Task details -> Images in the data are to be skipped, while every line is restated exactly as written.

Dataset content ->
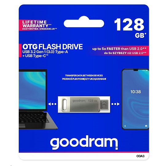 Type-C™ is becoming the most popular USB type used to transfer data between all electronic devices. The growing popularity of this solution is supported by the fact that manufacturers of next gen laptops, smartphones, PCs and other devices are increasingly equipping their products with an additional “C” next to the standard type A connector or choose only Type-C™. GOODRAM OTG ODA is an excellent solution that will work both with an old and new electronic devices generation laptops, smartphones and PCs. The ODA Flash drive is equipped with two fast USB 3.2 connectors: one standard type A and the Type-C™, which means that data transfer between devices of different generations has never been so easy and fast.
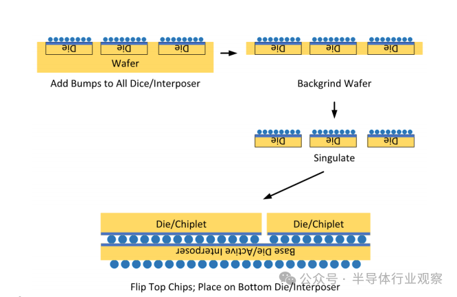 在将多个组件集成到先进封装中时,业界已开发出一种维度概念,虽然并非严格准确,但有助于描述封装中组件的排列方式。二维 (2D) 并不常见,但它指的是标准封装中的默认排列方式,即芯片直接放置在基板上。2.5D 是指将多个芯片布置在一个中介层 (interposer) 上。该中介层位于主基板上方,因此存在一些垂直方向的距离——相当于半维的距离。
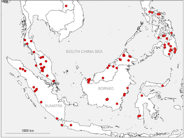 2011).![]() Male Calapnita from Loksado, South Kalimantan (photo BAH). The latest revision of the genus (Huber 2011) counted seven species, yet it was fairly obvious that some species would have to be split, pending further collecting and study. For example, specimens previously assigned to the type species C. vermiformis are here considered to represent seven species. The present revision is thus primarily a reevaluation of the species diversity of Calapnita, based on a much larger sample than previously available (almost 1300 adult specimens, most of which were collected during recent expeditions). It provides a more accurate picture of the alpha diversity and distribution of the genus, gives further data about the natural history of several species, presents an updated morphological phylogeny of the genus, and provides formal names for the upcoming next version of the molecular phylogeny of Pholcidae. ![]() Known distribution of Calapnita. |
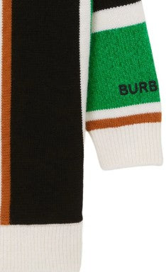 Strickjacke aus Wolle mit V-Ausschnitt, Streifenmuster, Knopfverschluss vorne und gerippten Abschlüssen.
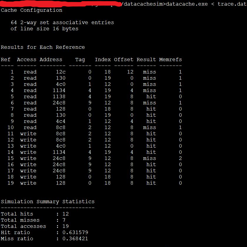 This program simulates a datacache using a LRU (least recently used) replacement algorithm and a write-back and write-allocate policy.
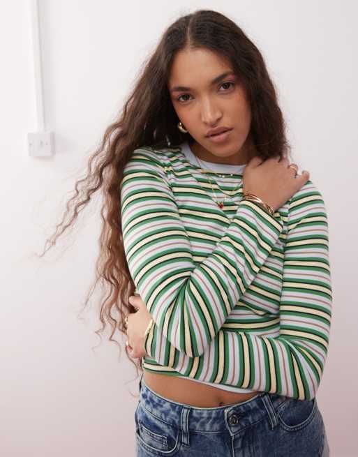 Miss Selfridge - Top a maniche lunghe blu a righe
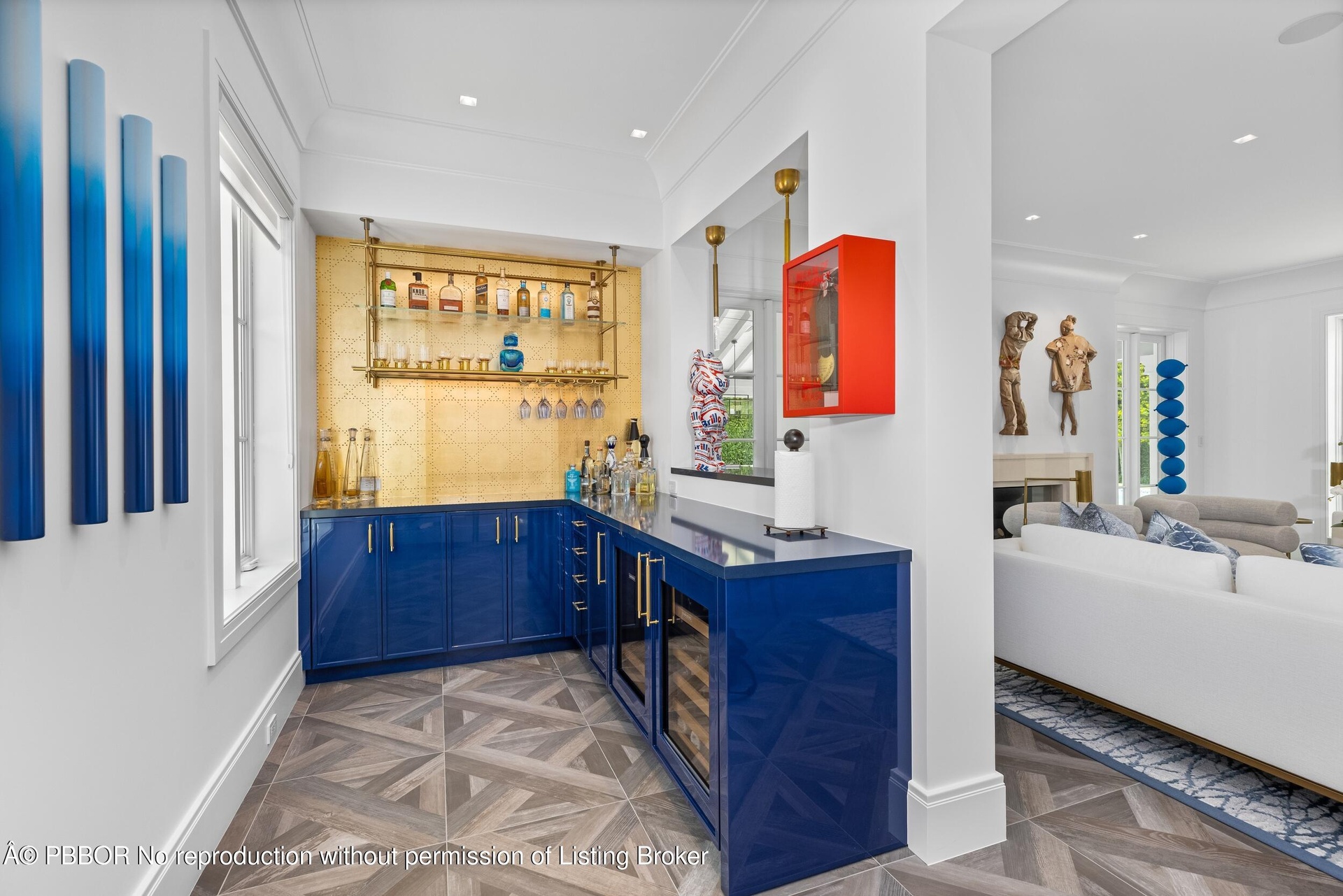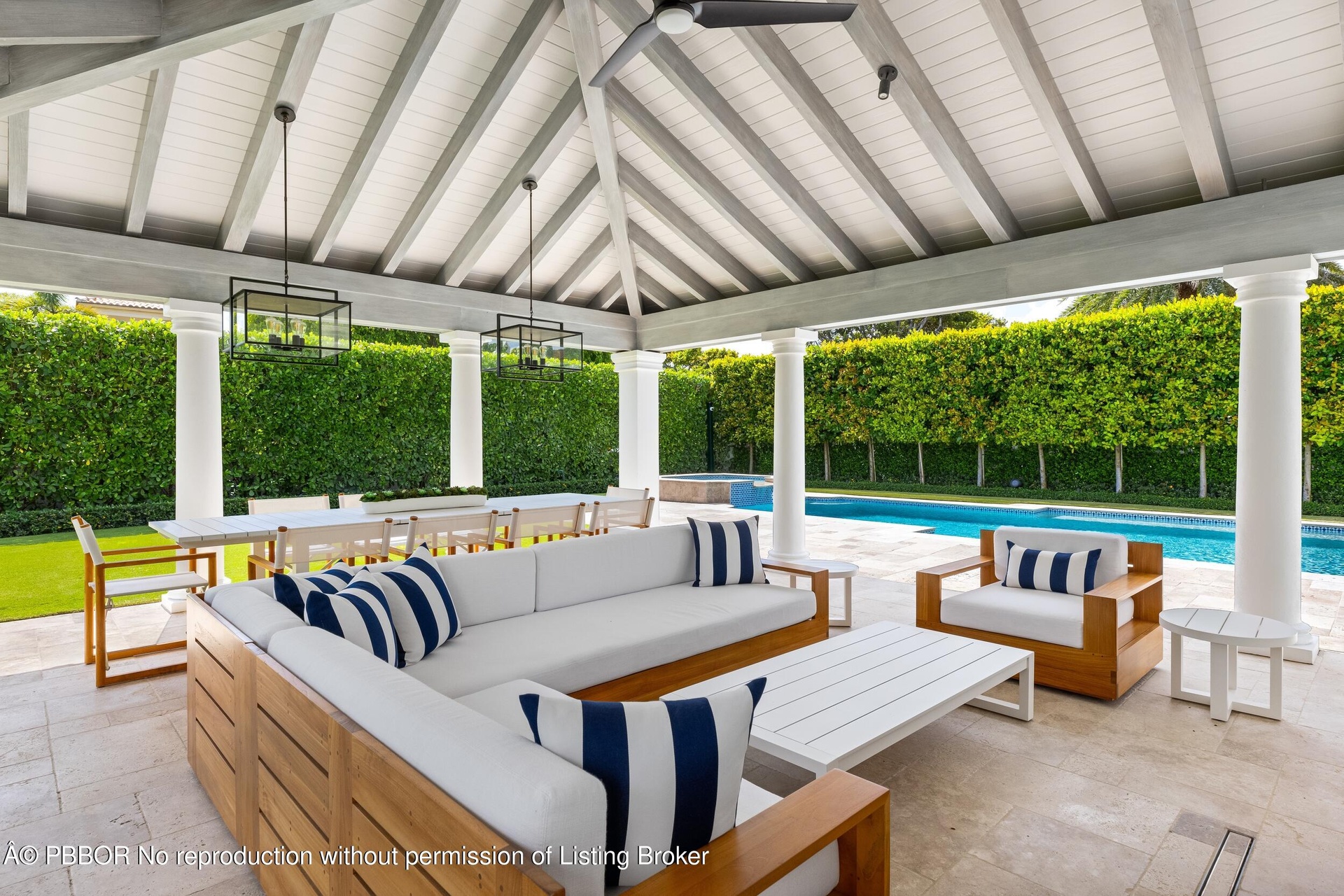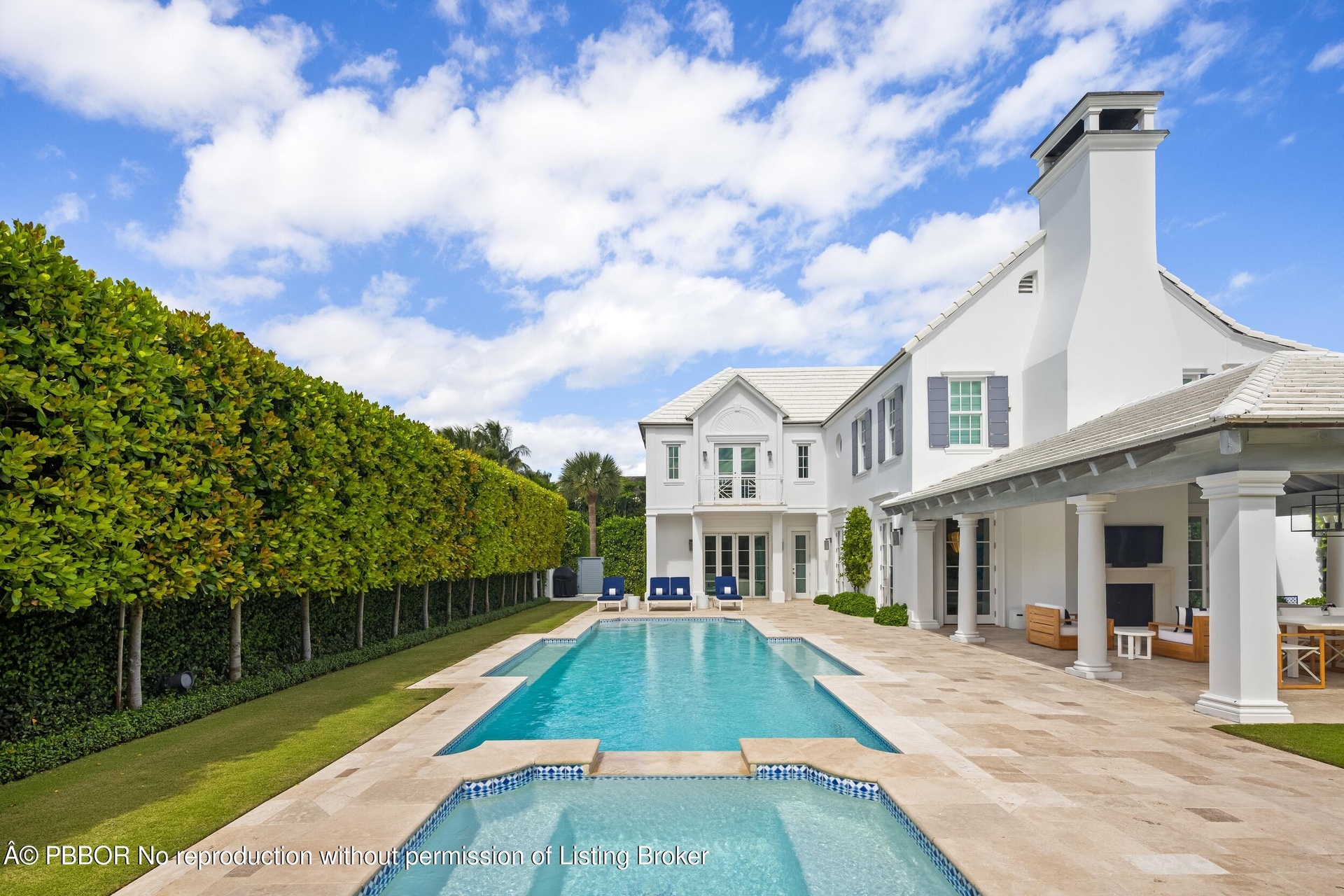 Gracious Georgian home located in Palm Beach's sought after Estate Section. Beautifully renovated in 2022 the home is pristine with seamless and ample entertainment and living spaces both inside and out. Spread over 7,500 +/- of luxurious living areas, the 5BR/5.2BA boasts beautiful finishes with Kenny Alpert's thoughtful signature design. Top-of-the-line eat-in kitchen with chef's island, wine fridge, and beautiful details showcasing exquisite craftsmanship. Living room features fireplace and stunning bar with wine fridges. Beautiful light filled library with built-in shelving. Soaring ceilings, impact windows, and generator. Manicured landscaping surrounds fabulous backyard with resort-style pool, spa, and oversized loggia with fireplace perfect for al fresco dining. Fantastic Estate Section location with beach access.

Expected answer ->
 Type-C™ is becoming the most popular USB type used to transfer data between all electronic devices. The growing popularity of this solution is supported by the fact that manufacturers of next gen laptops, smartphones, PCs and other devices are increasingly equipping their products with an additional “C” next to the standard type A connector or choose only Type-C™. GOODRAM OTG ODA is an excellent solution that will work both with an old and new electronic devices generation laptops, smartphones and PCs. The ODA Flash drive is equipped with two fast USB 3.2 connectors: one standard type A and the Type-C™, which means that data transfer between devices of different generations has never been so easy and fast.
 在将多个组件集成到先进封装中时,业界已开发出一种维度概念,虽然并非严格准确,但有助于描述封装中组件的排列方式。二维 (2D) 并不常见,但它指的是标准封装中的默认排列方式,即芯片直接放置在基板上。2.5D 是指将多个芯片布置在一个中介层 (interposer) 上。该中介层位于主基板上方,因此存在一些垂直方向的距离——相当于半维的距离。
 2011).![]() Male Calapnita from Loksado, South Kalimantan (photo BAH). The latest revision of the genus (Huber 2011) counted seven species, yet it was fairly obvious that some species would have to be split, pending further collecting and study. For example, specimens previously assigned to the type species C. vermiformis are here considered to represent seven species. The present revision is thus primarily a reevaluation of the species diversity of Calapnita, based on a much larger sample than previously available (almost 1300 adult specimens, most of which were collected during recent expeditions). It provides a more accurate picture of the alpha diversity and distribution of the genus, gives further data about the natural history of several species, presents an updated morphological phylogeny of the genus, and provides formal names for the upcoming next version of the molecular phylogeny of Pholcidae. ![]() Known distribution of Calapnita. |
 Strickjacke aus Wolle mit V-Ausschnitt, Streifenmuster, Knopfverschluss vorne und gerippten Abschlüssen.
 This program simulates a datacache using a LRU (least recently used) replacement algorithm and a write-back and write-allocate policy.
 Miss Selfridge - Top a maniche lunghe blu a righe
 Gracious Georgian home located in Palm Beach's sought after Estate Section. Beautifully renovated in 2022 the home is pristine with seamless and ample entertainment and living spaces both inside and out. Spread over 7,500 +/- of luxurious living areas, the 5BR/5.2BA boasts beautiful finishes with Kenny Alpert's thoughtful signature design. Top-of-the-line eat-in kitchen with chef's island, wine fridge, and beautiful details showcasing exquisite craftsmanship. Living room features fireplace and stunning bar with wine fridges. Beautiful light filled library with built-in shelving. Soaring ceilings, impact windows, and generator. Manicured landscaping surrounds fabulous backyard with resort-style pool, spa, and oversized loggia with fireplace perfect for al fresco dining. Fantastic Estate Section location with beach access.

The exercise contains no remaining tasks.